Bunun oluşum şekli ise,(ki Astrolojik tesirler vasıtasıyla
da ) Akaşalarda bulunan geçmişe ait holografik kayıtların
,kozmik hava dalgalarında kayıtlı bulunduğu boyuttan insan
şuurları tarafından yakalanarak beyinlerin ilgili hücrelerini
irrite etmeleri sonucu Radyasyon bulutundaki bilgiler
istikametinde biçimlenmesiyle ,dışımızda ,bizlere göre
zorlayıcı ,acı verici fiziksel
etkilerin ortaya çıkması şeklinde meydana gelir.Bu durum
negatif özellikli algılandığı taktirde Akaşalar,
Karabulutlar ismiyle adlandırılırlar. Tıpkı geçmiş
kavimlerde,kendi içlerinden çıkan Nebi ve Resullerin
bulundukları toplumu uyararak,yaşamlarında oluşturacakları
menfi hareketlerin başlarına yakın gelecekte bela şeklinde
tekrar kendilerine yansıyacaklarını bildirmeleri ve akabinde
bunun gerçekleşmesi gibi.
Beynimiz
ister farkında olsun isterse olmasın bu dalgaların her zaman
etkisi altındadır. Fakat, Reenkarnasyon Ve Hologram başlıklı
yazımızda da belirttiğimiz, aynı sebeplerden dolayı bu
kavramda da yanılgıların açığa çıkması kaçınılmazdır.Bu
görüşü destekler mahiyette,küçük bir örnek olarak,görücü
medyum denilen bazı
kişilerin,bu titreşimlerle rezonansa girerek, kayıtları
okuyup gerekli bilgileri aktarmasını verebiliriz.Öyle ki, bu
konu ile ilgili fenomenlerde de objektif,ciddi ve somut
diyebileceğimiz deliller belgelenmiş olup bunlardan en ilginç
birkaç örnek sırasıyla şöyledir:
İlk
fenomen ,10 ağustos 1901 yılında iki Oxfordlu profesörün
(ki,biri Oxford’a bağlı St. Hughs Koleji Müdürü Anne
Moberly diğeri de müdür yardımcısı Eleanor Jourdian’dır)

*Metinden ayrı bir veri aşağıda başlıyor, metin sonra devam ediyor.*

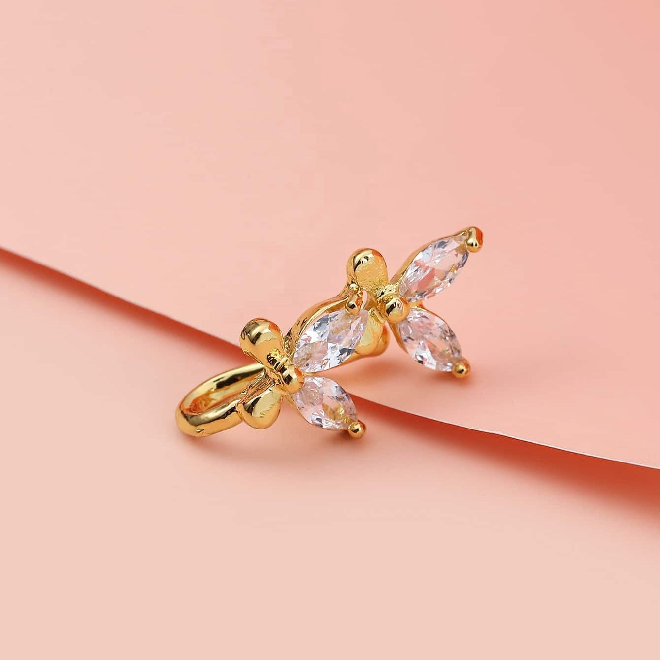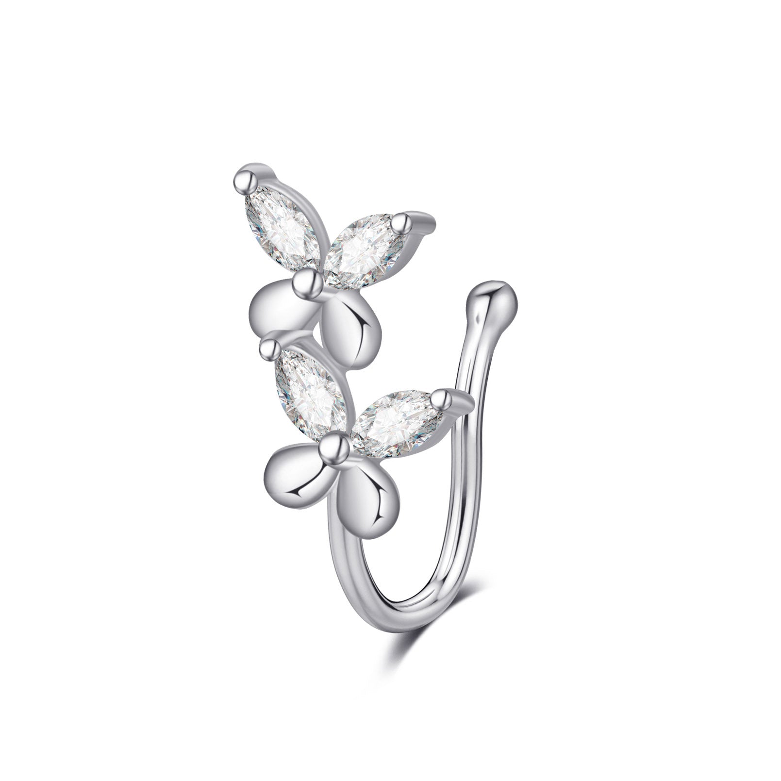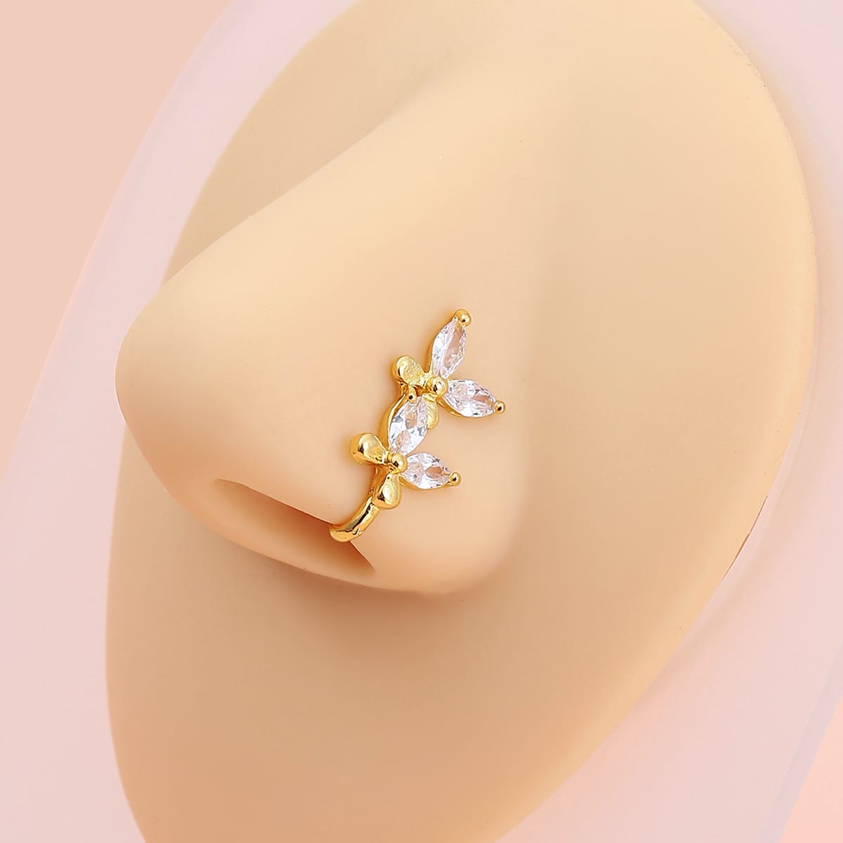 This beautiful nose clip features a charming double butterfly design with brass inlay and zircon accents.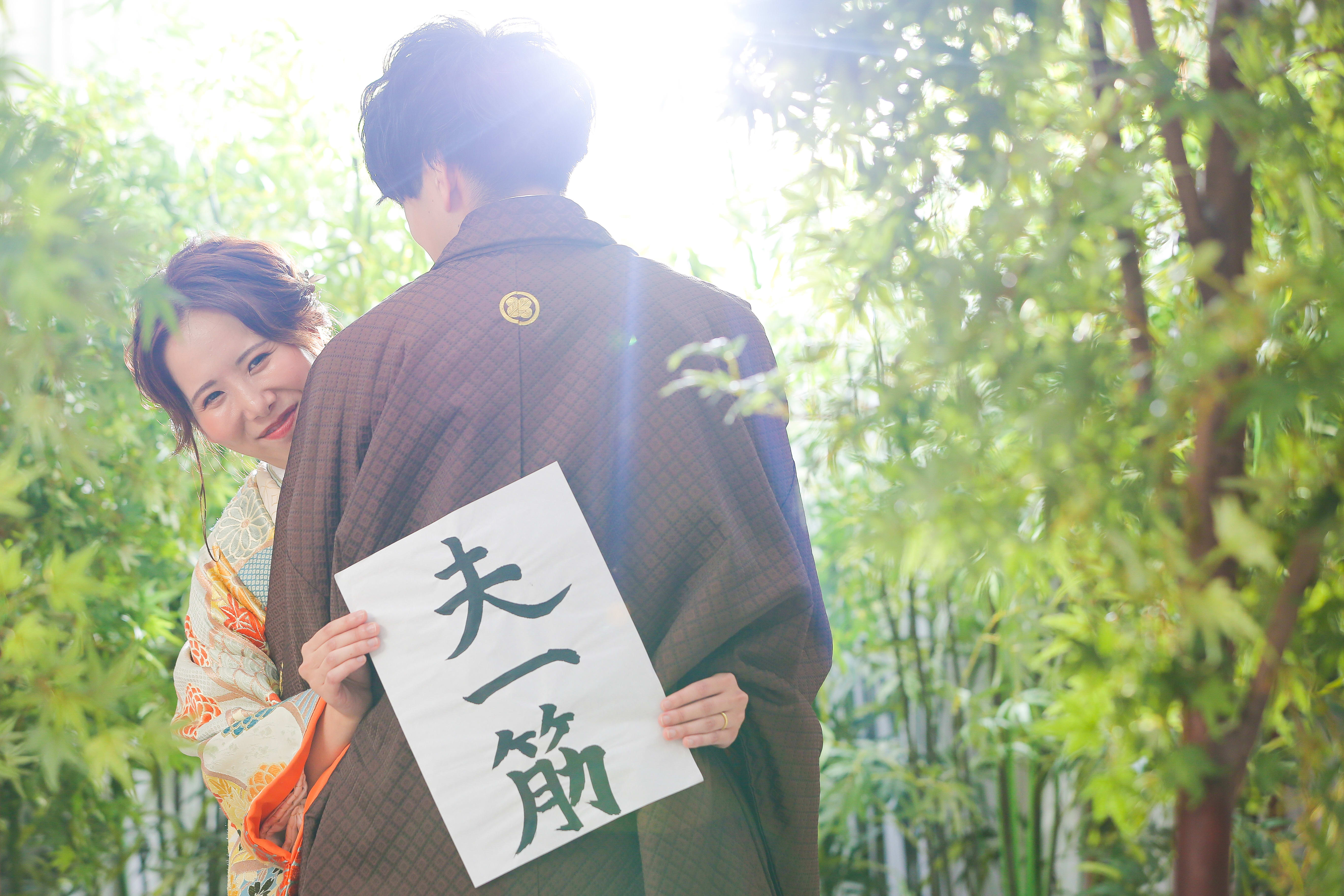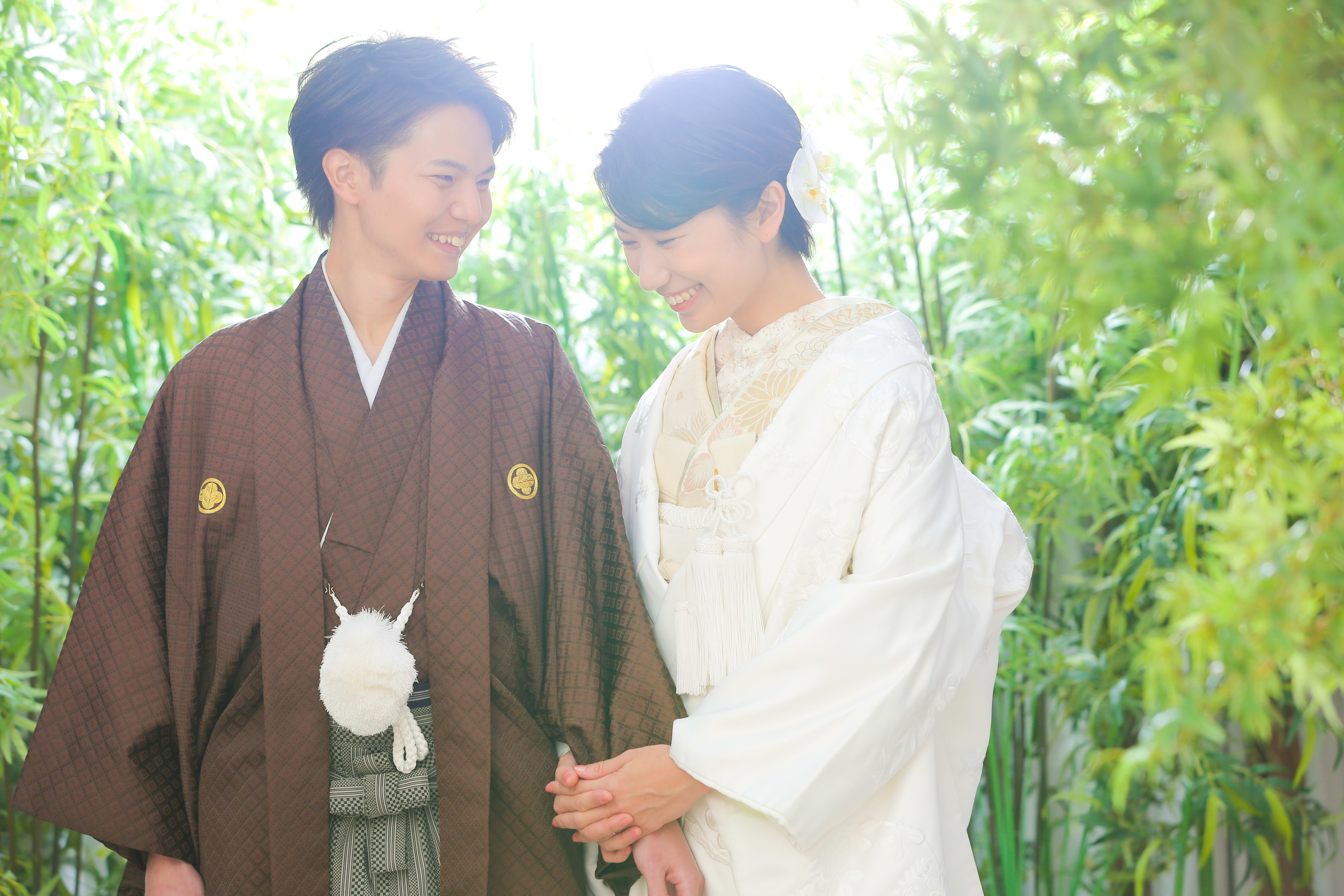 本格日本庭園を再現したスタジオで撮る 和装の結婚写真

Versailles’deki Petit Trianon’un bahçesinde yürüyüşe çıktıklarında
meydana geldi.Bu yürüyüş sırasında tıpkı bir film
sahnesinden diğerine geçişte olduğu gibi,önlerindeki görüntü,
üzerlerinden parıltılı bir gölge geçermişçesine değişir.
Bu parıltı geçtikten sonra görüntünün değişmiş olduğunu
ve akabinde çevrelerinde
18.yy giysileri içinde
peruklu, heyecanlı insanların belirdiğini fark
ederler.Bu sırada bir uşak bunları görüp,heyecandan küçük
dilini yutmuş kadınlara yaklaşarak yönlerini değiştirmek için
kendisini takip etmelerini işaret eder. Onlar da bunun üzerine
adamı izleyerek iki yanı ağaçla sıralanmış bir yoldan geçip
bir bahçeye girerler. Ve bu sırada da
havada müzik sesleri eşliğinde ,soylu bir hanımefendinin
sulu boya resim yaptığını görürler. Sonra bu görüş
giderek kaybolur ve eski hallerine geri dönerler. Bu değişim
o kadar etkileyicidir ki,kadınlar arkalarına döndüklerinde,az
önce gelmiş oldukları ağaçlı yolun şimdi,eski bir taş
duvarla kesildiğini görürler. İngiltere’ye döner dönmez
hemen tarihsel kayıtları araştırmaya başlarlar ve sonuçta
Trianon’un yağmalanmış ve İsviçreli nöbetçilerin
katledildikleri gecenin gündüzüne geri döndüklerini, bahçedeki
kadının da Maria Antoinette olduğunu anlarlar.Yaşadıkları
bu deneyimi başından sonuna kadar, tüm ayrıntılarıyla tek
ciltlik kitap kalınlığında bir rapor
halinde hazırlayarak İngiliz psişik Araştırmalar
derneğine sunarlar.Fakat bu olay, dünyanın en önde gelen ve
saygın üniversitesinde öğretim görevlisi olmalarından
dolayı Akademik kariyerlerini tehlikeye atmamak için,takma
isimler altında yayınlanır. Daha sonra ise, içeriden sızan
bilgi yüzünden kimliklerini açıklamak zorunda kalırlar.Bu
iki profesörün,yalnızca geçmişi canlandıran bir görüntü
algılamayıp doğrudan geçmişin içine dalarak, 1789 yılındaki
Trianon Bahçesinde insanlarla
karşılaşmaları olayına
bir de,bu sırada onlara eşlik eden bayıltıcı
depresyon ve ağırlık duygusu eklenince, Psikologlar ve fizikçilerin
ilgi odağı haline gelirler. Bu konuda bayan Moberey şunları
söylemekte: “ Her şey aniden doğa dışı göründü, dolayısıyla
da nahoş. Binalar ardındaki ağaçlar bile bir goblene işlenmiş
ağaç gibi cansız ve düz göründü.Işık ve gölge etkileri
yoktu ve her şey yoğun biçimde durağandı.” (Bkz.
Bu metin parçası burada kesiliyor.